Par Daniel Grason
Communiste ; volontaire en Espagne républicaine ; partisan yougoslave ; ministre.
Né le 7 avril 1914 à Trebinje en Bosnie-Herzégovine (Yougoslavie), Cedomir Kapor habitait en France, il s’engagea dans les Brigades internationales de l’armée républicaine espagnole.
Après le retrait des Brigades d’Espagne, il fut interné en France, au Vernet (Ariège), où il suivit scrupuleusement les consignes du KPJ : pas d’évasion individuelle, refus de partir dans les Compagnies de travailleurs étrangers (CTE), déclaration comme volontaire pour aller travailler en Allemagne en mai 1941, de façon à pouvoir rentrer plus facilement en Yougoslavie pour animer la résistance contre l’occupation allemande, italienne, hongroise et bulgare. En dépit de la promesse faite par les autorités nazies à leur départ, selon laquelle ils pourraient travailler librement s’ils ne faisaient pas de politique, un groupe de sept Španci (anciens d’Espagne yougoslaves), fut isolé à son arrivée dans le Reich. Outre Čedo Kapor, le groupe comprenait les Serbes Stevan Varga (1920-1988), Milan Mirčević (1912-2000) et Petar Stokić (1905-1942), le Croate Mirko Horvat (1911-1992), le Slovène Franc Prevc (1905-1977) et le Bosniaque Ahmet Fetahagić (1914-1944). Ils furent emmenés à Riesa (Saxe) dans une usine de canons, mais furent rapidement arrêtés et emprisonnés à Dresde, dans la geôle où le dirigeant du Parti communiste d’Allemagne (KPD) Ernst Thälmann avait été incarcéré avant son transfert à Buchenwald. En juillet 1941, ils furent internés dans le camp de concentration de Königsbrück, où ils furent à un régime des plus sévères : appel à 4h du matin, travail forcé de 5h au crépuscule, 25 coups de fouet en cas d’arrêt, manque d’eau et de vivres. Ils furent ensuite ramenés en septembre dans une usine à Dresde, où ils parvinrent à organiser une cellule clandestine dirigée par Čedo Kapor. Cela permit de saboter discrètement la production, et d’organiser la solidarité entre travailleurs étrangers, dont une vingtaine de jeunes Espagnols et environ 120 Soviétiques. Mais leur isolement les empêcha de bénéficier du canal d’évasion mis en place durant l’été 1941 par le KPJ plus à l’Ouest entre Dessau (Saxe-Anhalt) et Zagreb via Graz et Maribor.

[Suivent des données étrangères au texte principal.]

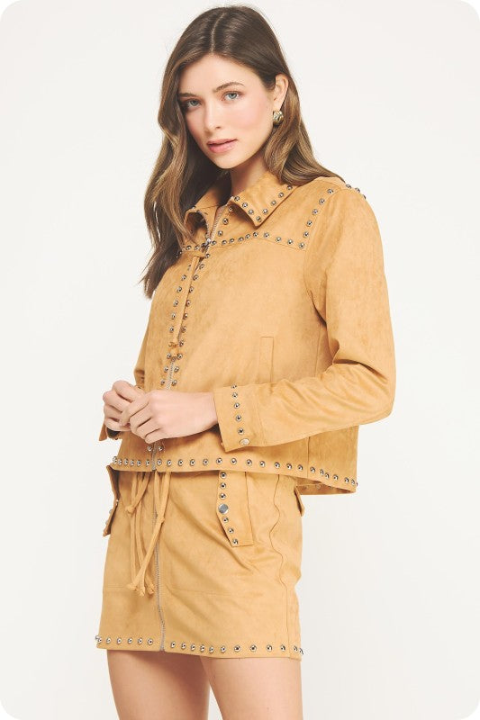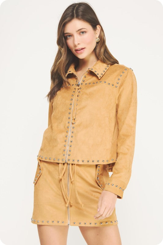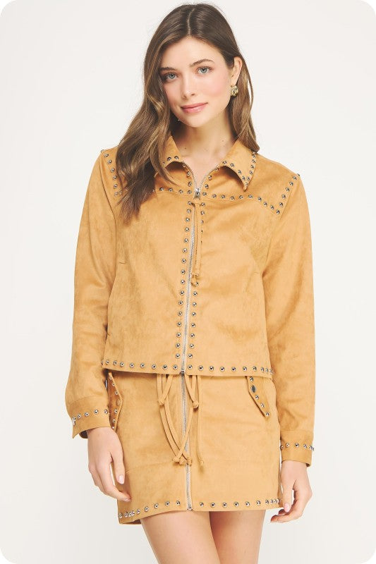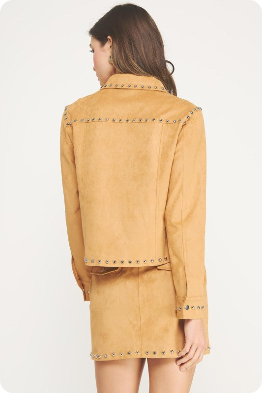 Hazel Suede Studded Detail Jacket - S is backordered and will ship as soon as it is back in stock.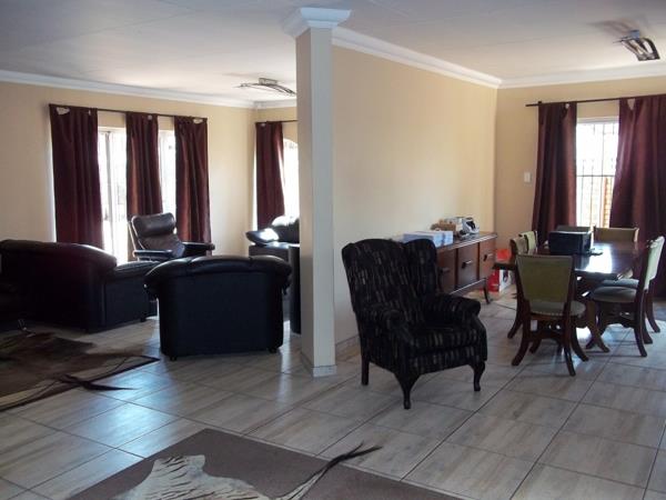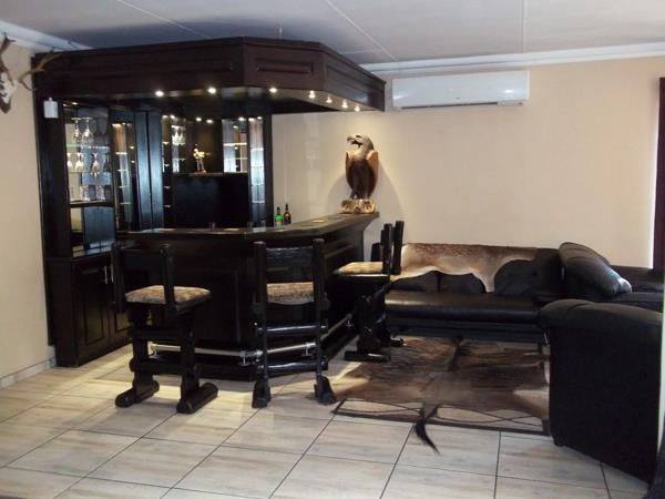 This house abounds of a family lounge, dining room and bar area that forms an open plan with the gourmet kitchen with center island, gas stove and separate laundry/scullery. A second laundry is conveniently outside. The living areas and dining room have doors leading to the swimming pool, lapa and outside braai area.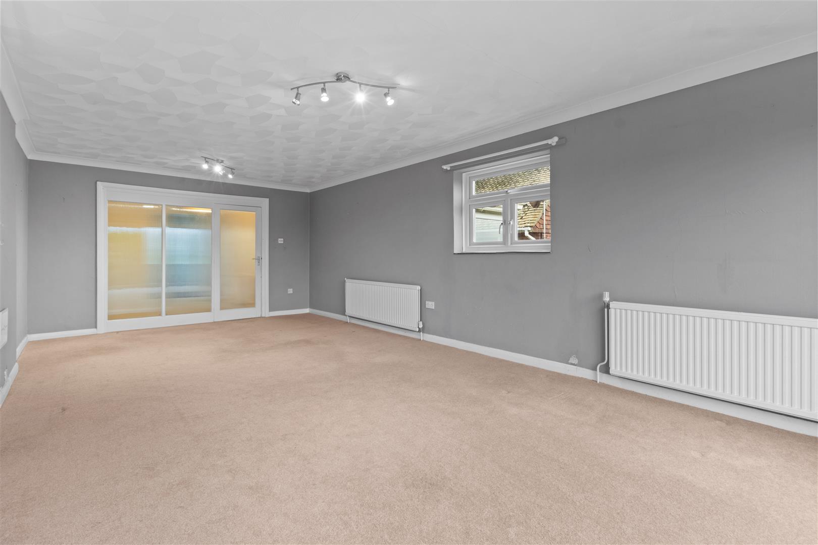 Three radiators. Double glazed windows to both sides and patio doors to rear.

Le passage dans la Résistance fut donc l’affaire d’initiatives individuelles ; si les militants communistes Ahmet Fetahagić, Mirko Horvat, Čedo Kapor et Petar Stokić parvinrent à rentrer au pays, les sans parti Milan Mirčević et Franc Prevc restèrent en Allemagne jusqu’en 1945. Stevan Varga quant à lui passa en août 1942 en Hongrie.
Čedo Kapor rejoignit pendant la guerre la Yougoslavie, fit partie des partisans qui chassèrent les nazis.
Il fut ministre pour la Bosnie-Herzégovine quand Josip Broz dit Tito dirigeait la Yougoslavie. En 1994, il fêta son quatre-vingtième anniversaire dans Sarajevo encerclée. Malgré deux ans passés sous les bombes, il restait optimiste.
Dans un entretien avec le correspondant de l’Humanité, il estimait que les peuples de l’ex-Yougoslavie pouvaient « Vivre ensemble de nouveau. Nos peuples se sont affrontés au cours de l’Histoire, pourtant, avec Tito, il y a eu cinquante ans de paix. En détruisant la Yougoslavie, on a détruit la paix. »
Par Daniel Grason
SOURCES : Arch. PPo., RG77W 1443, liste de 379 volontaires yougoslaves. – L’Humanité, 13 mai 1994. — Notes Hervé Lemesle.— Čedo Kapor, « Torture u nacističkoj Nemačkoj » [Torture dans l’Allemagne nazie], in Španija 1936-1939, op. cit., vol.4, pp.467-470.